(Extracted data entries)
◇ ◇ ◇ ◇ ◇

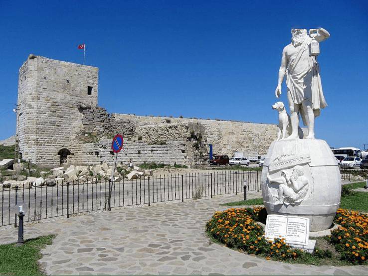 根据多种文本塑造的第欧根尼形象也很多,通常是个衣不蔽体或破衣褴褛的中老年人,除了油灯之外,有时还拄着一根棍子或跟着一只狗。图6是他家乡锡诺普建立的一座雕像,这个黑海之滨的城市如今是一个旅游圣地,第欧根尼则是它的一个重要名片。
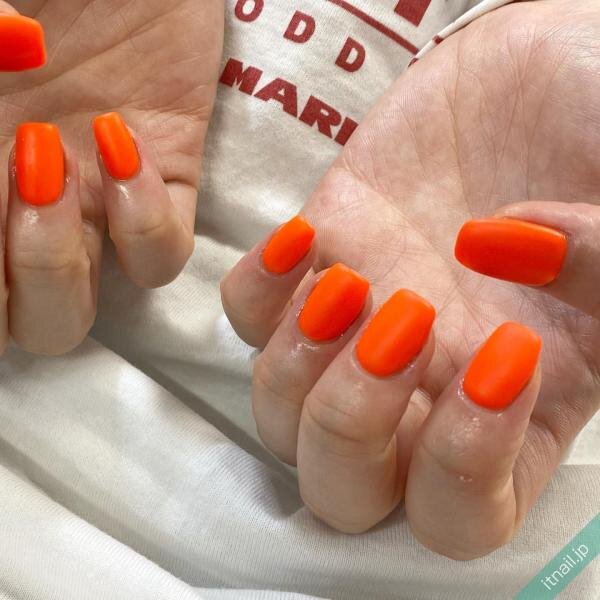 元気いっぱいのネイルにしたいなら、ネオンオレンジできまりです。
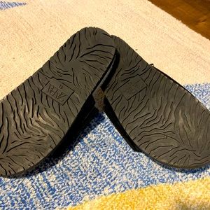 Worn once outside of the home, soles in perfect condition. Well stored and looked after. Black vegan leather upper and rope detailing on the sole, thick soles for a slightly platform look. Size 41
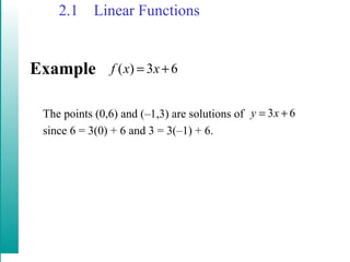 This document discusses linear functions and their key characteristics:
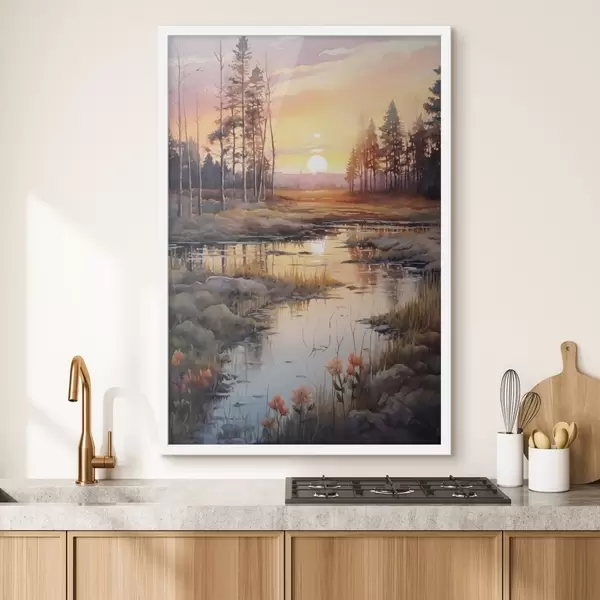 Poster Bellissimo fiume nella foresta autunnale, acquerello, prato, cielo al tramonto Nr f41643
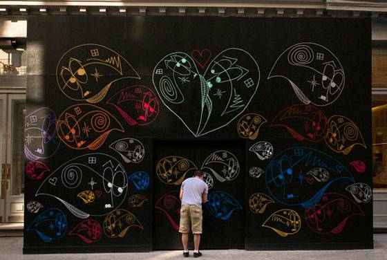 Tiffany & Co. is finally opening their much awaited Soho store in New York, but instead of a quick grand opening, for two weeks the store has displayed beautifully mastered artwork on wooden canvases that were displayed right in front of the store.
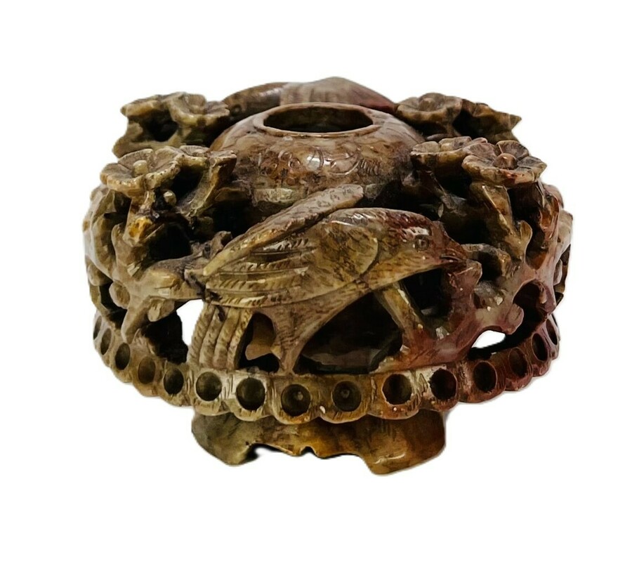 Spekstenen inktpot gedecoreerd met bloemen en vogels. China, eerste helft 20e eeuw.
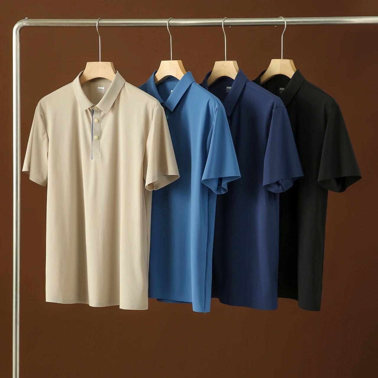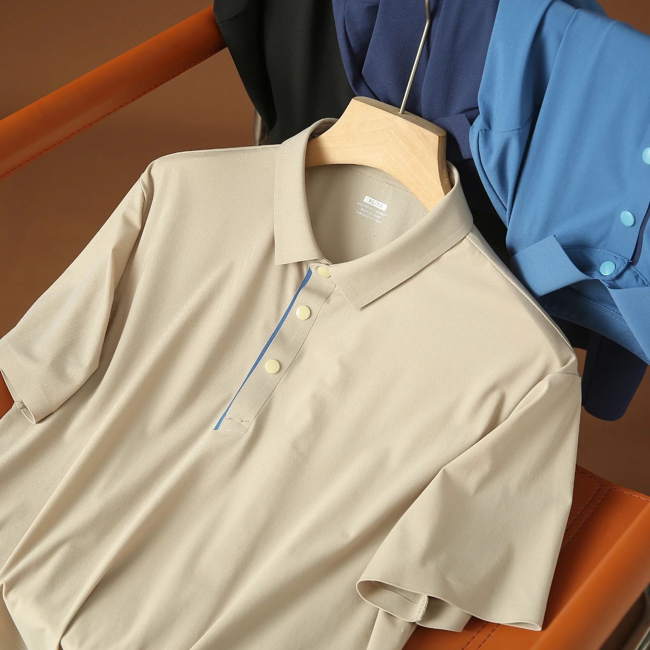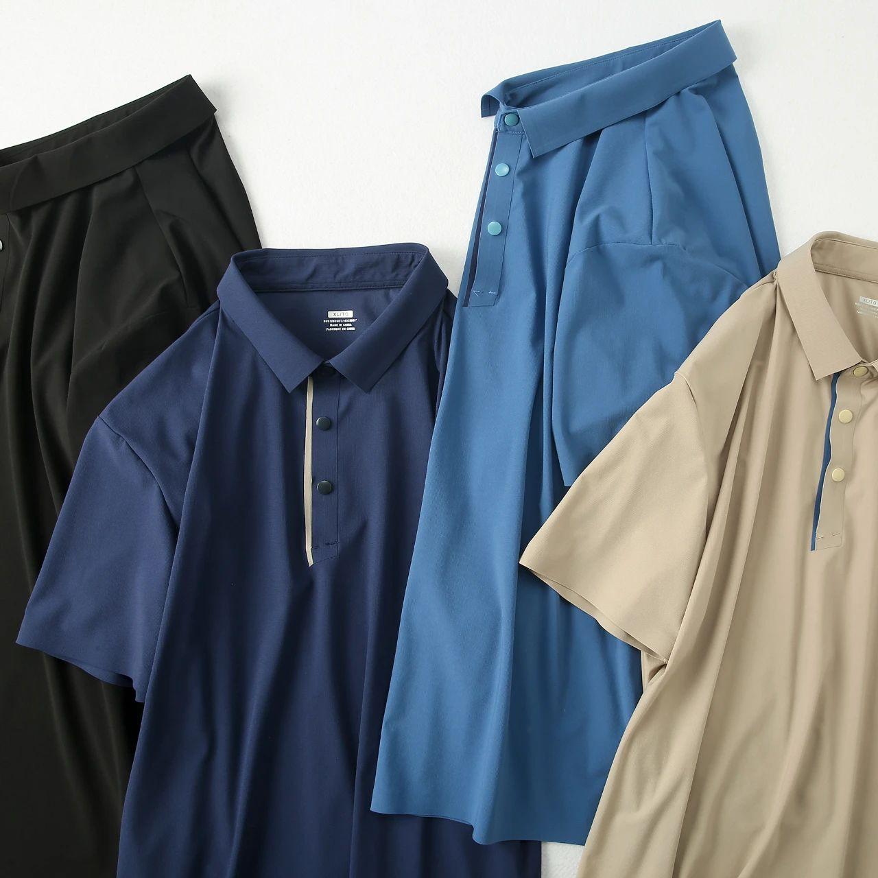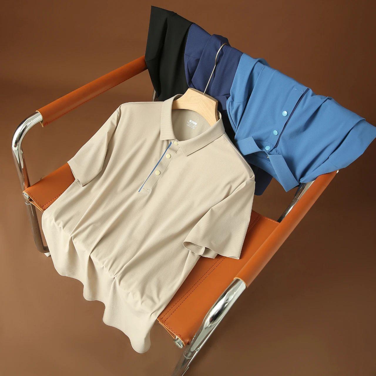 ¡Línea de lujo ligera! ¡Tela de seda de hielo sin costuras! ¡Corte láser! Polo de manga corta para hombre, estilo informal de negocios y actividades al aire libre
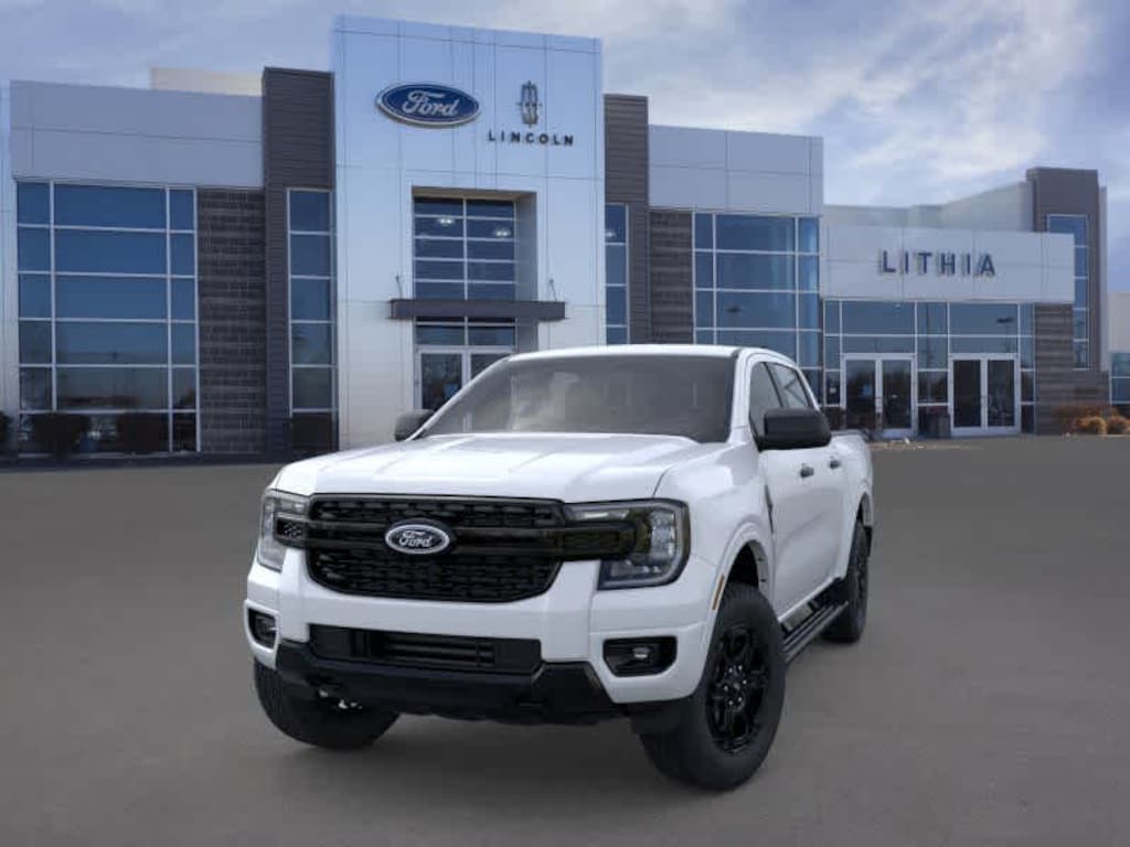 ADVANCED TOWING PACKAGE PLUS TECHNOLOGY PACKAGE Trailer Tow Package, towing capability up to TBD lbs and 4-pin/7-pin wiring harness, Class IV Trailer Hitch Receiver, 360-Degree Camera, Pro Trailer Backup Assist, Trailer Brake Controller, Rear Parking Sensors w/Trailer Guidance, Adaptive Cruise Control, speed sign recognition, Front Parking Sensors, EQUIPMENT GROUP 301A HIGH Power-Sliding Rear Window, Dual-Zone Electronic Climate Control (DEATC), 12 Display in Center Stack, FX4 OFF-ROAD PACKAGE FX4 Selectable Drive Modes, mud/ruts and sand, Exposed Steel Bash Plate, engine and transfer case shield and fuel tank guard, Electronic-Locking Rear Differential, Off-Road Tuned Shocks, Off-Road Screen in Center Stack, Trail Control, FX4 Off-Road Box Decal, BLACK APPEARANCE PACKAGE Black Center Bar & Surround Grille, Unique Carpet Mats, Wheels: 18 Black Painted, Tires: 18, Body-Color Painted Front Fascia, black lower valance, Front & Rear Black Ford Ovals, Black Rear Bumper, Painted Body-Color Wheel Lip Molding, BLACK RUNNING BOARDS, TRANSMISSION: ELECTRONIC 10-SPEED AUTOMATIC selectable drive modes: normal, ECO, sport, tow/haul and slippery (STD). 2025 Ford Ranger with Oxford White exterior and Ebony interior features a 4 Cylinder Engine with 270 HP at 5500 RPM*.

◇ ◇ ◇ ◇ ◇

* _The problem_
Although the records above contain pictures, the copy must not; set down exactly the lines from the one with "This document discusses" up to and including the one with "al aire libre".

* _Answer to this task_
 This document discusses linear functions and their key characteristics:
 Poster Bellissimo fiume nella foresta autunnale, acquerello, prato, cielo al tramonto Nr f41643
 Tiffany & Co. is finally opening their much awaited Soho store in New York, but instead of a quick grand opening, for two weeks the store has displayed beautifully mastered artwork on wooden canvases that were displayed right in front of the store.
 Spekstenen inktpot gedecoreerd met bloemen en vogels. China, eerste helft 20e eeuw.
 ¡Línea de lujo ligera! ¡Tela de seda de hielo sin costuras! ¡Corte láser! Polo de manga corta para hombre, estilo informal de negocios y actividades al aire libre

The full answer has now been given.